The increase in white matter microstructure, on the other hand, could mean “an increase in the exchange of information and communication between different brain areas,” Pawluski said. The findings may also have important implications for preventing or treating perinatal mental health issues or supporting a healthy transition to motherhood.

Of course, these neural shifts occurring in one woman doesn’t mean they happen for all or to the same extent for everyone, so replication in studies with higher numbers of participants is needed, experts said.

However, research thus far shows the changes “are relatively very consistent across different women,” Hoekzema said. “In one study we found that all the participants could be classified as having been pregnant or not by a computer algorithm based only on the changes in their brains. And so far we’ve already replicated these changes.”
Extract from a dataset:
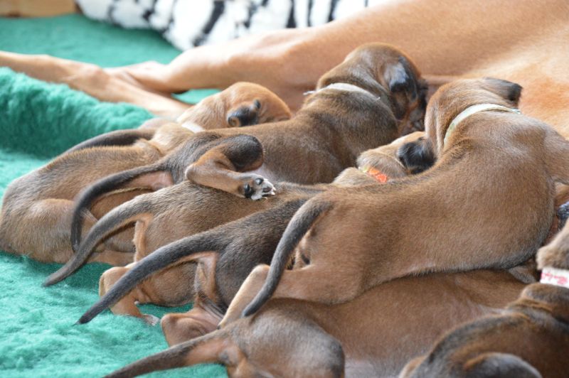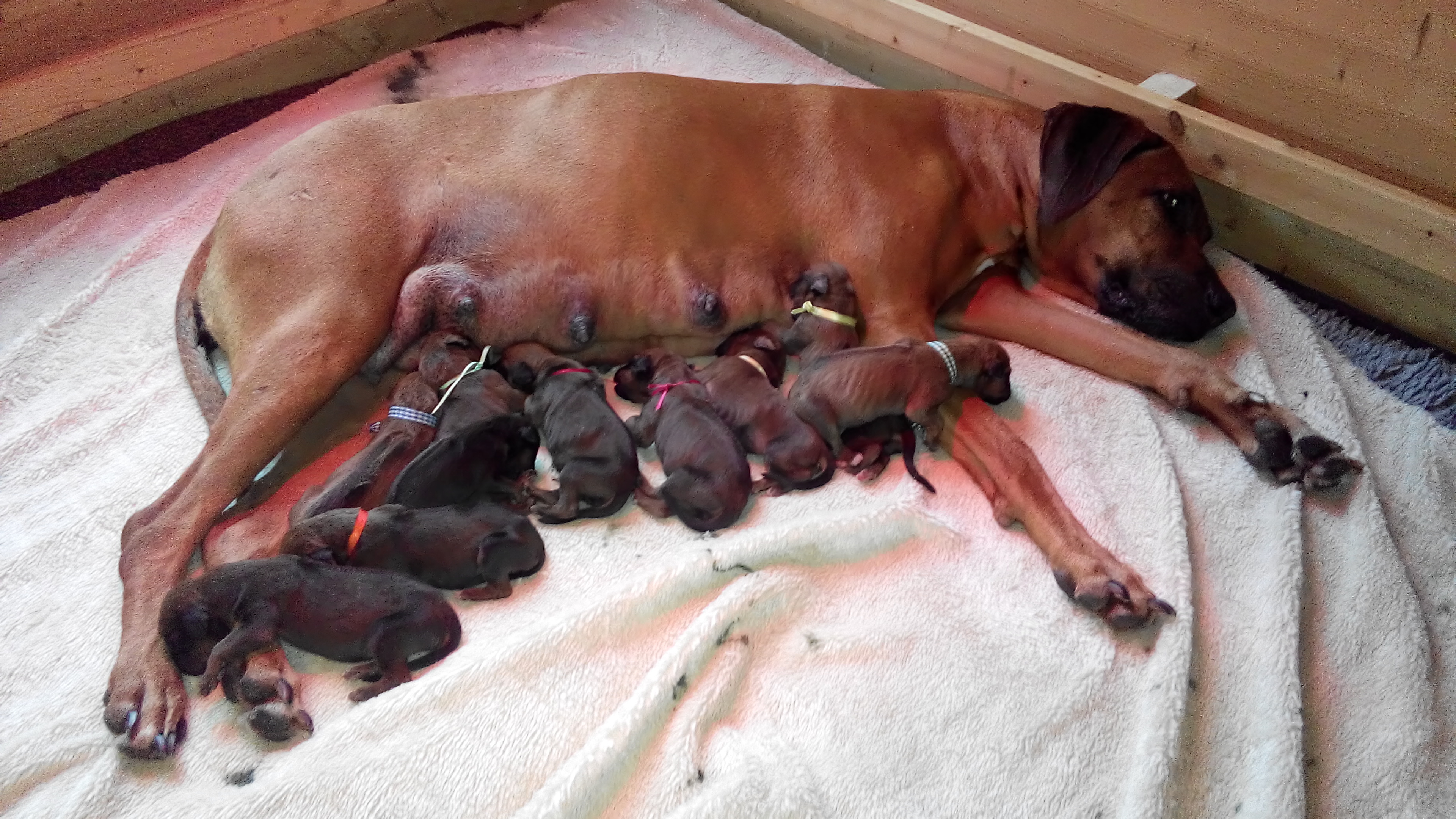 12 kleine Beauregards sind am Wochenende geboren worden. Leider haben zwei Mädchen und ein Junge nicht überlebt. Jetzt bevölkern sieben Hündinnen und zwei Rüden die Wurfkiste und halten Mama Senta auf Trab. Die hat die Geburt toll gemeistert und behütet und versorgt ihre Kinder vorbildlich. Ich bin sooo stolz auf sie <3

Despite the unanswered questions, Pawluski said she wants birthing parents to know these changes are normal and healthy, rather than a deficit that some people believe is a stereotypical experience of motherhood.

“Our ignorance has consequences,” Jacobs said. Scientists haven’t had the data, for example, to predict postpartum depression before it manifests or to understand the long-term effects of preeclampsia on brain health.

The study also represents the launch of the Maternal Brain Project, an international effort supported by the Ann S. Bowers Women’s Brain Health Initiative and the Chan Zuckerberg Initiative, for which a much larger cohort of women and their partners are being enrolled at UC Santa Barbara and in Spain.

“We need better data,” Jacobs added. “Of the 50,000 brain imaging articles published in the last 30 years, less than half of one per cent focus on health factors unique to women, like pregnancy. So, when we talk about the scientific body of knowledge, we’ve got to consider whose body does it serve.”